Darn it. Ruby had asked Yang to at least try to put on a happy face.

“Girls?” Dad said, coming to a stop before them. “Is everything all right?” 

Ruby gave him a weak grin. “Hey, dad. I, uh—I’ve got something to tell you.” 

“What?” He looked at Ozpin. “Oz, what’s wrong?”

“There’s a bit of a situation, Taiyang. I think Ruby is best equipped to explain.”

“Ruby?” Dad looked down to her, his eyes filling with a whole lot of fear. “What happened?”

“I…” Ruby opened her mouth and then closed. Oh, fuck it, she decided, just get it over with all at once. “Dad, I’m getting married,” she said. 

Dad dropped the duffel bag with a thud. Seconds later, something else dropped with a thud: Him.

“So… no one wins the betting pool, then?” Yang said, staring at Dad’s body stretched out on the pavement. “Unless that’s an aneurysm?”

Chapter 2: What Happens In The Limo Stays In The Limo

Notes:

(See the end of the chapter for notes.)

Chapter Text

“Penny, how old are you?” Taiyang said, holding an icepack to his head. 

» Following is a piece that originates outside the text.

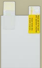
LCD Protection Film
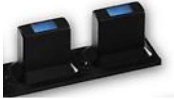
One layer Light control

Before replying, Penny looked around the Beacon infirmary, confirming that the only ones present were people who already knew her secret. 

“That is a surprisingly easy question to answer,” she said. 

Once revived and given a place to sit down and a drink of water, Taiyang Xiao Long had taken the revelation of Penny’s true nature with surprising ease.

“I judge a person by how good their handshake is. And by the gods, you have the firmest handshake I’ve ever encountered, so it would be a complete violation of my principles to think poorly of you in any way!” he had said to Penny several minutes ago. Penny was still puzzling out the meaning of that statement. She was forty-six percent convinced it was meant as a joke, but she was also very curious how he would react if she turned her grip strength up to its maximum while shaking his hand. He would probably react poorly, given how at maximum strength she would break at least several bones in his hand. 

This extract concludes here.